A verbatim copy is needed of the lines below from the one containing "Bij aankoop ontvang" up to and including the one containing "- Design and", excluding pictures.

BEGIN INPUT RECORDS

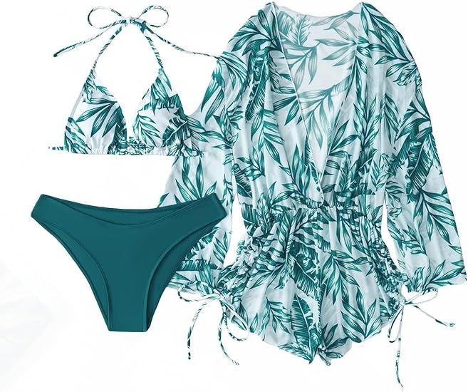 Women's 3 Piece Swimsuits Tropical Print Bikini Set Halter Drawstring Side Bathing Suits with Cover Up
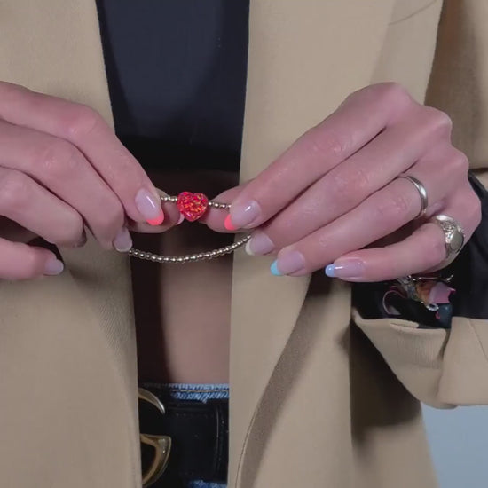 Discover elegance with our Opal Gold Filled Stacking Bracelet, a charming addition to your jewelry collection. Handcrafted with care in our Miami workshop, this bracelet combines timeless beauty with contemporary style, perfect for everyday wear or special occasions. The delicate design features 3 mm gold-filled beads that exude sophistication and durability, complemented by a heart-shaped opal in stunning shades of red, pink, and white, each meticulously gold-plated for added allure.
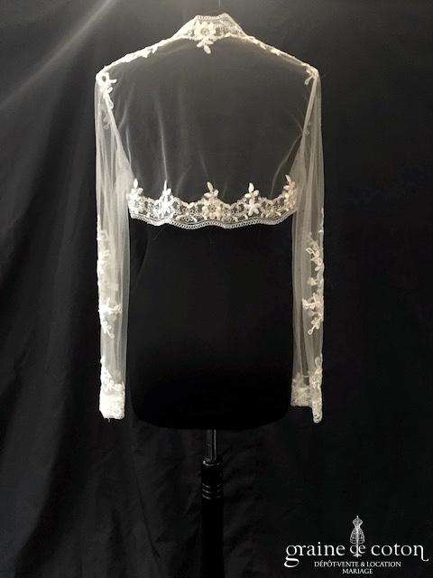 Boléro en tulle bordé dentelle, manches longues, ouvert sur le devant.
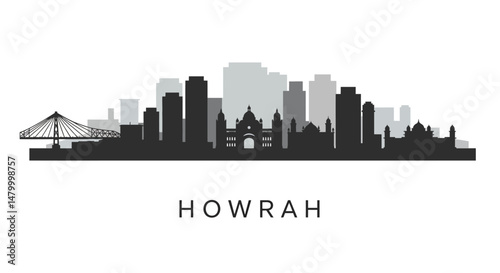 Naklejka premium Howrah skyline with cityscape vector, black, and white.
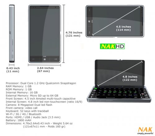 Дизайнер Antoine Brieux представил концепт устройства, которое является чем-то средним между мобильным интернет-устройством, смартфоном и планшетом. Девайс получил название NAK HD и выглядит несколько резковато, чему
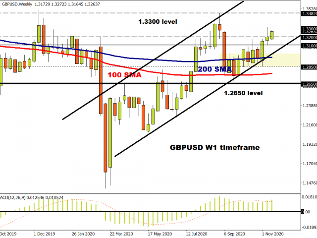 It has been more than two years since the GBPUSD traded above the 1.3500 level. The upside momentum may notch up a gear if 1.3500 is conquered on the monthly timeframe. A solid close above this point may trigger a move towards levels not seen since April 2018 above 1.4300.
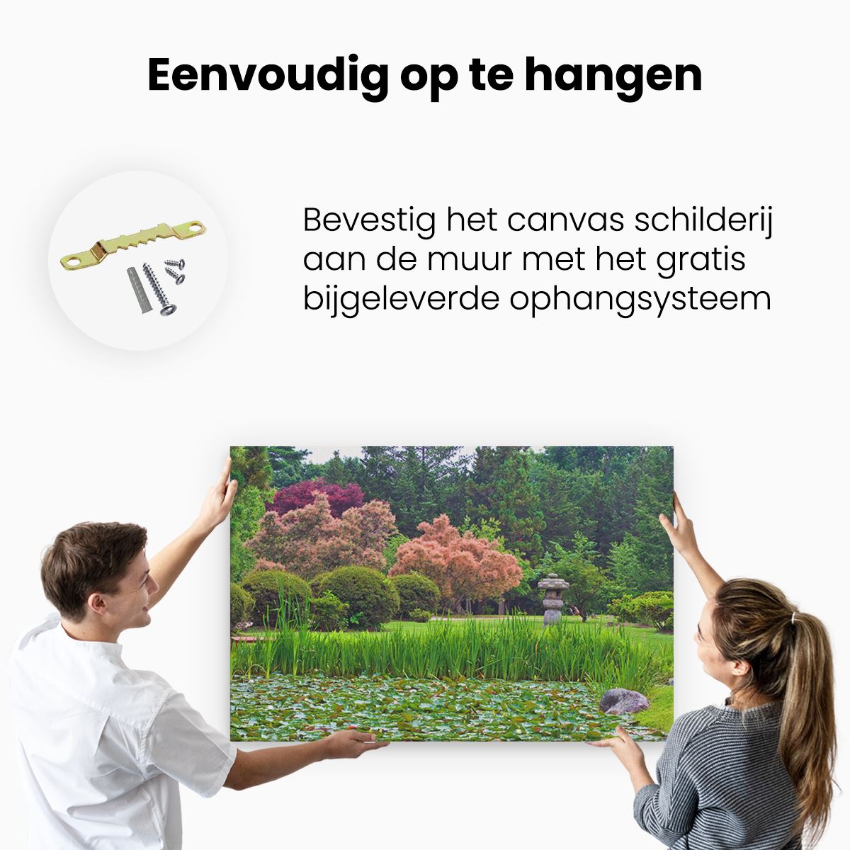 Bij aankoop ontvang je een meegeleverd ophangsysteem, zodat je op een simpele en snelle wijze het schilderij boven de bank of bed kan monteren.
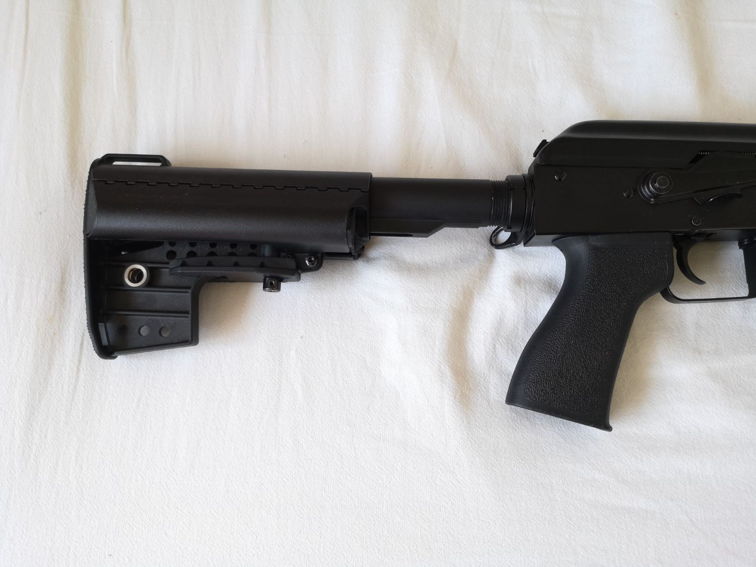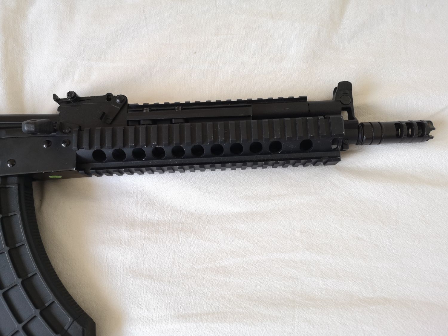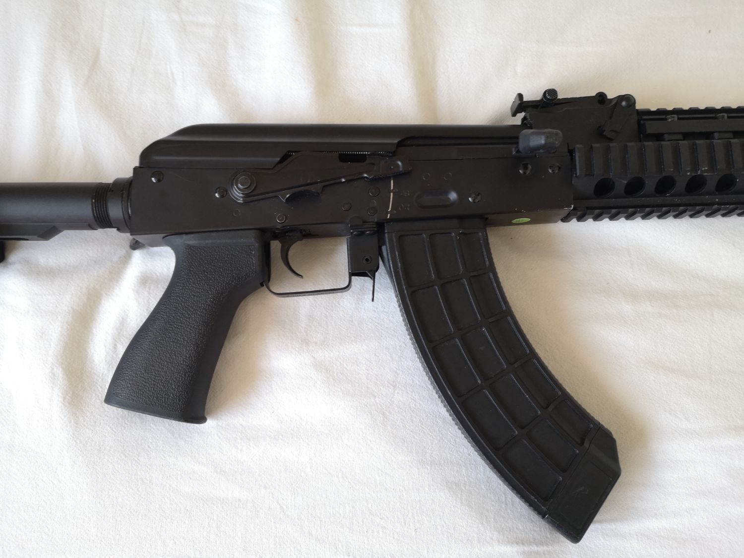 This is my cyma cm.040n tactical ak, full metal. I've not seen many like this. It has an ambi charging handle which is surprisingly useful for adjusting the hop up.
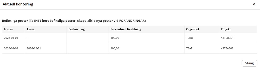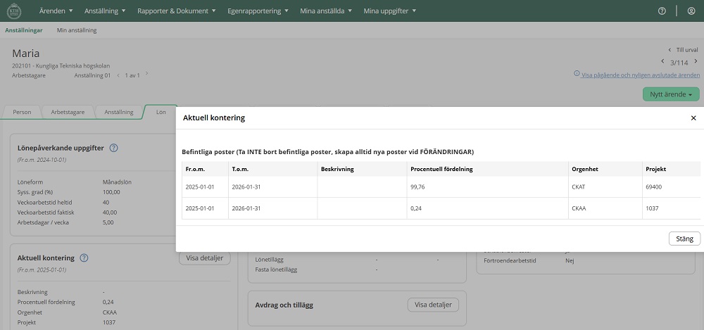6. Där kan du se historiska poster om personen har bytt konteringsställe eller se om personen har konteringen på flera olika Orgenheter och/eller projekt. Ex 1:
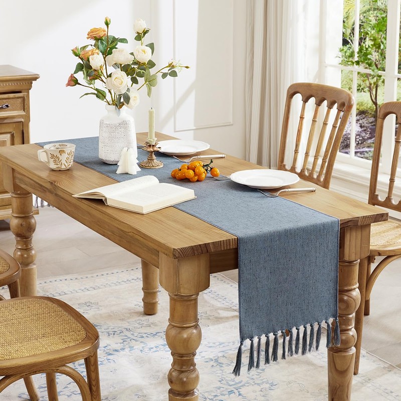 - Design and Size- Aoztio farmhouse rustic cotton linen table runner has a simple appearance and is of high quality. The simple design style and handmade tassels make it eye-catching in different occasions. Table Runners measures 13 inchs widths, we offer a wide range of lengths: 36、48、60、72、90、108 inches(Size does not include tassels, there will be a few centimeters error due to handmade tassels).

END INPUT RECORDS
BEGIN INPUT RECORDS

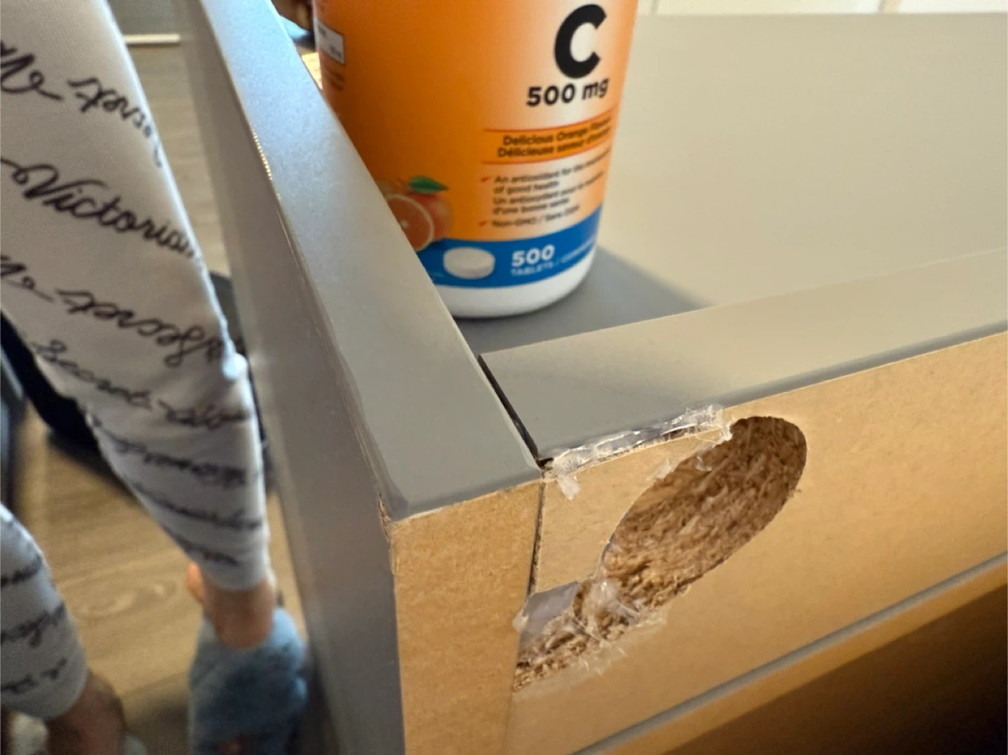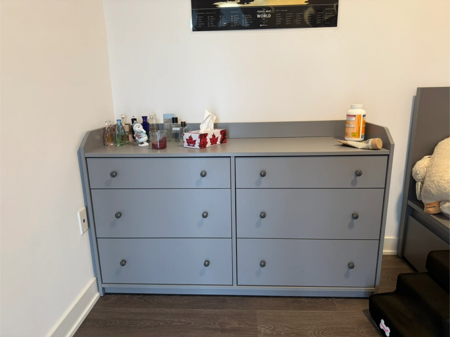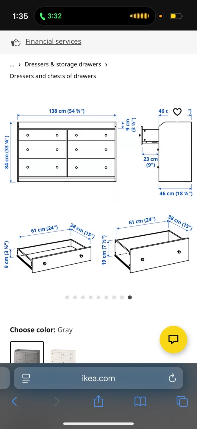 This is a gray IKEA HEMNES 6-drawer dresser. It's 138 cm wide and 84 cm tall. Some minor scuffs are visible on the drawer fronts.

END INPUT RECORDS

**WRITTEN SOLUTION**
 Bij aankoop ontvang je een meegeleverd ophangsysteem, zodat je op een simpele en snelle wijze het schilderij boven de bank of bed kan monteren.
 This is my cyma cm.040n tactical ak, full metal. I've not seen many like this. It has an ambi charging handle which is surprisingly useful for adjusting the hop up.
6. Där kan du se historiska poster om personen har bytt konteringsställe eller se om personen har konteringen på flera olika Orgenheter och/eller projekt. Ex 1:
 - Design and Size- Aoztio farmhouse rustic cotton linen table runner has a simple appearance and is of high quality. The simple design style and handmade tassels make it eye-catching in different occasions. Table Runners measures 13 inchs widths, we offer a wide range of lengths: 36、48、60、72、90、108 inches(Size does not include tassels, there will be a few centimeters error due to handmade tassels).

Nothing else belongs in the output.